Sabrina Maddeaux reports on day one of Toronto Fashion Week fall/winter 2014
You know a designer’s a hit when he or she can pack a 5 pm time slot. Mikhael Kale kicked off Toronto Fashion Week with the sort of energy that’s been absent on night one for a few seasons.
As the lights dimmed, a thumping bass soundtrack signalled that the show was about to begin. Then, a black-and-white film of a woman’s naked torso – tits, nipples and all – gyrating and metamorphosizing into trippy shapes and reflections of itself screened. It wasn’t sexualized or voyeuristic it was a celebration of the female form.
The first few looks included studded black jackets, vests and skirts – all artfully constructed, but nothing new. We’ve been seeing metallic studs on black since last decade. In hindsight, I think Kale was trying to contextualize the pastels and iridescent water colours to come as “punk” and powerful, but he should have given his audience (and his clothes) a little more credit. These unnecessary pieces dumbed down the collection.
The core collection, minus those first few missteps, was one of the strongest I’ve seen in seasons. Intricate folds of organza in shades of turquoise and fuchsia popped off badass body-hugging dresses. Gone are the days when a woman has to wear black to be taken seriously – this is a new age of power-dressing.
The show notes claim Kale was inspired by “the art of folding napkins,” but I saw it as an extension of the opening video’s celebration of the female body. The elaborate organza folds looked like lovely labia – a beautiful tribute to all-too-often shamed female genitalia. Not at Kale’s show, where they were loud, they were colourful and they were proud.
Sunny Fong’s VAWK picked up the woman-power theme where Kale left off. His collection of black dresses and jackets – highly wearable and, more importantly, sellable – alternated between department-store-friendly pieces and, as the fashion industry says, “fiercer” ones that struck a perfect balance. Crop tops with long sheer trails and pentagramesque statement necklaces looked like The Craft 2.0.
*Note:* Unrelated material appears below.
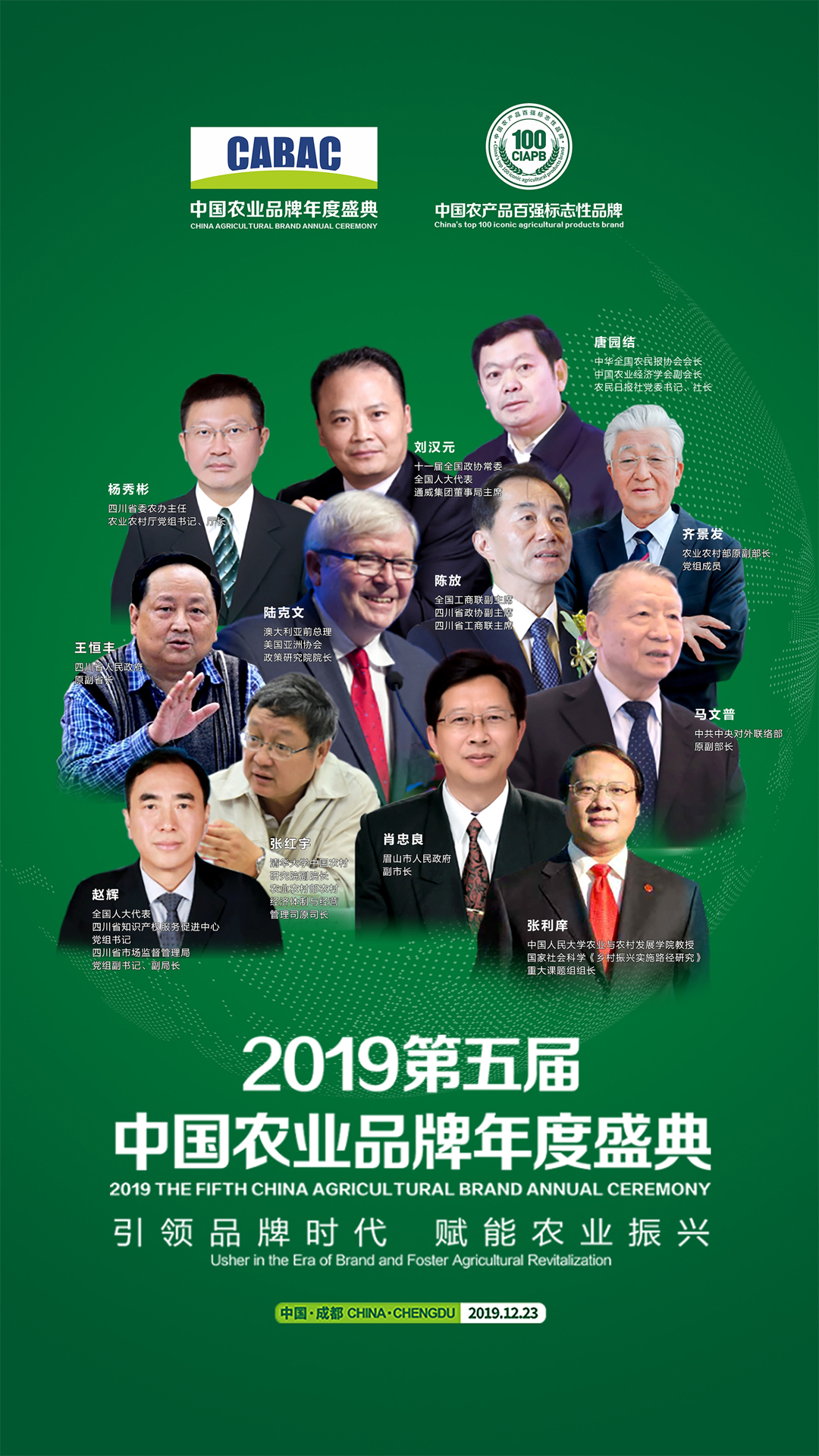 12月23日,以“引領(lǐng)品牌時(shí)代 賦能農(nóng)業(yè)振興”為主題的2019第五屆中國(guó)農(nóng)業(yè)品牌年度盛典即將在成都通威國(guó)際中心隆重舉行。盛典聚焦新時(shí)代背景下我國(guó)農(nóng)業(yè)品牌化發(fā)展趨勢(shì),匯聚相關(guān)領(lǐng)導(dǎo)、專家學(xué)者、行業(yè)領(lǐng)袖、企業(yè)精英、主流權(quán)威媒體參會(huì),是迄今為止規(guī)模最大、規(guī)格最高的中國(guó)農(nóng)業(yè)品牌盛會(huì),與會(huì)嘉賓數(shù)量創(chuàng)歷屆之最。

Known for his diverse choice of models, Fong created a lineup that didn’t disappoint. The best piece in the entire show was an intricate made-in-Canada designer prosthetic accessory, all cool gunmetal and geometric shapes, worn by amputee ultramarathon runner Amy Winters.
Now, if only some audience members could quit clapping mid-show every time someone with a diverse look comes down the runway. I know they mean well, but it comes off as damn patronizing.
Fong also sent several other non-professional-model women (I’m loathe to call them “real,” because aren’t all women real?) down his runway. There was even a cellulite sighting! There should be more cellulite in runway shows, if you ask me.
It was almost impossible to pick out the non-models from the pro models, in part because Fong had them all trained by runway coach extraordinaire Stacey McKenzie. The point for Fong isn’t to have these women stand out so he can get a pat on the back it’s to seamlessly include them in his vision.
Beaufille, the label formerly known as Chloé Comme Parris, went back to its edgy, androgynous roots with a fall collection rooted in rust-red, long 70s-style dresses with crowded prints and slick black pieces sometimes reminiscent of garbage bags, but in the most high-fashion way possible.
Unfortunately, I was distracted by a duo in the front row across the runway: communications pro Jennifer Dawson and “upcoming actor” Marco, giggling and taking more selfies than they could’ve possibly known what to do with. “I want to throw my phone at them,” whispered someone next to me.
I went up to them after the show to see what they thought of the collection. Expecting the usual “oohs” and “aahs” and “I loooooooved it”s that everyone at Fashion Week says on record before turning their backs and slamming collections in private, I was shocked when Marco flat-out told me he “liked the clean lines, but it was boring. I didn’t like it. I actually stopped watching and started taking pictures.”
“Yeah, we were taking selfies,” chimed in Dawson.
“I’m being critical, but they have to get better,” added Marco.
There’s no excuse for being downright rude during a presentation that a local designer has tirelessly worked on, but I respect that the duo had the guts to openly dislike a collection, which doesn’t happen often in Toronto. In my books, that’s better than blindly fawning over everything in hopes of scoring free clothes.